To do that, we expand the BQL from dump_cleanup() into dump_process(), so we
will take the BQL longer than before.  The critical section must cover the
status switch from ACTIVE->{FAIL|COMPLETE} so as to make sure there's no race
any more.

We can also just introduce a specific mutex to serialize the dump process, but
BQL should be enough for now so far, not to mention vm_start() in dump_cleanup
will need BQL anyway, so maybe easier to just use the same mutex.

Reported-by: Laszlo Ersek <lersek@redhat.com>
Reviewed-by: Marc-André Lureau <marcandre.lureau@redhat.com>
Signed-off-by: Peter Xu <peterx@redhat.com>
---
v2:
- Fix parallel spelling [Marc-Andre]
- Add r-b for Marc-Andre
- Mention that qmp_dump_guest_memory() is with BQL held [Laszlo]
---
 dump/dump.c | 24 ++++++++++++++++++------
 1 file changed, 18 insertions(+), 6 deletions(-)

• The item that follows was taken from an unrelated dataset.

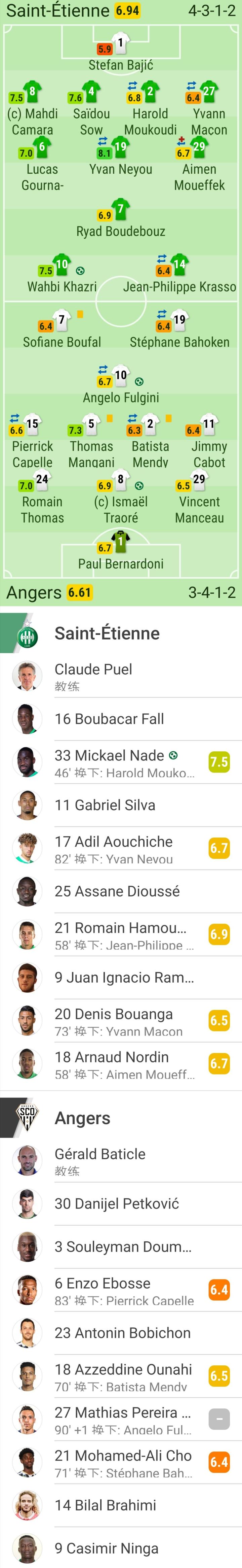 圣埃蒂安首发:1-巴伊奇、8-马赫迪-卡马拉、2-穆库迪(46'33-纳德尔)、4-赛杜-索乌、6-古尔纳-杜瓦斯、27-马松(72'20-布安加)、19-内尤-努帕(81'17-埃德利-奥齐奇)、7-布德布兹、14-克拉索(57'21-哈莫马)、29-穆埃费克(57'18-诺尔丹)、10-哈兹里

diff --git a/dump/dump.c b/dump/dump.c
index 662d0a62cd..196b7b8ab9 100644
--- a/dump/dump.c
+++ b/dump/dump.c
@@ -96,13 +96,7 @@ static int dump_cleanup(DumpState *s)
     g_free(s->guest_note);
     s->guest_note = NULL;
     if (s->resume) {
-        if (s->detached) {
-            qemu_mutex_lock_iothread();
-        }
         vm_start();
-        if (s->detached) {
-            qemu_mutex_unlock_iothread();
-        }
     }
     migrate_del_blocker(dump_migration_blocker);
 
@@ -1873,6 +1867,11 @@ static void dump_process(DumpState *s, Error **errp)
     Error *local_err = NULL;
     DumpQueryResult *result = NULL;
 
+    /*
+     * When running with detached mode, these operations are not run with BQL.
+     * It's still safe, because it's protected by setting s->state to ACTIVE,
+     * so dump_in_progress() check will block yet another dump-guest-memory.
+     */
     if (s->has_format && s->format == DUMP_GUEST_MEMORY_FORMAT_WIN_DMP) {
 #ifdef TARGET_X86_64
         create_win_dump(s, &local_err);
@@ -1883,6 +1882,15 @@ static void dump_process(DumpState *s, Error **errp)
         create_vmcore(s, &local_err);
     }
 
+    /*
+     * Serialize the finalizing of dump process using BQL to make sure no
+     * concurrent access to DumpState is allowed.  BQL is also required for
+     * dump_cleanup as vm_start() needs it.
+     */
+    if (s->detached) {
+        qemu_mutex_lock_iothread();
+    }
+
     /* make sure status is written after written_size updates */
     smp_wmb();
     qatomic_set(&s->status,
@@ -1898,6 +1906,10 @@ static void dump_process(DumpState *s, Error **errp)
 
     error_propagate(errp, local_err);
     dump_cleanup(s);
+
+    if (s->detached) {
+        qemu_mutex_unlock_iothread();
+    }
 }
 
 static void *dump_thread(void *data)
-- 
2.32.0


Re: [PATCH v2] dump-guest-memory: Use BQL to protect dump finalize process
Posted by Laszlo Ersek 2 years, 5 months ago
On 11/16/21 14:54, Peter Xu wrote:
> When finalizing the dump-guest-memory with detached mode, we'll first set dump
> status to either FAIL or COMPLETE before doing the cleanup, however right after
> the dump status change it's possible that another dump-guest-memory qmp command
> is sent so both the main thread and dump thread (which is during cleanup) could
> be accessing dump state in parallel.  That's racy.
> 
> Fix it by protecting the finalizing phase of dump-guest-memory using BQL as
> well, as qmp_dump_guest_memory() (which is the QEMU main thread) requires BQL.
> To do that, we expand the BQL from dump_cleanup() into dump_process(), so we
> will take the BQL longer than before.  The critical section must cover the
> status switch from ACTIVE->{FAIL|COMPLETE} so as to make sure there's no race
> any more.
> 
> We can also just introduce a specific mutex to serialize the dump process, but
> BQL should be enough for now so far, not to mention vm_start() in dump_cleanup
> will need BQL anyway, so maybe easier to just use the same mutex.
> 
> Reported-by: Laszlo Ersek <lersek@redhat.com>
> Reviewed-by: Marc-André Lureau <marcandre.lureau@redhat.com>
> Signed-off-by: Peter Xu <peterx@redhat.com>
> ---
> v2:
> - Fix parallel spelling [Marc-Andre]
> - Add r-b for Marc-Andre
> - Mention that qmp_dump_guest_memory() is with BQL held [Laszlo]
> ---
>  dump/dump.c | 24 ++++++++++++++++++------
>  1 file changed, 18 insertions(+), 6 deletions(-)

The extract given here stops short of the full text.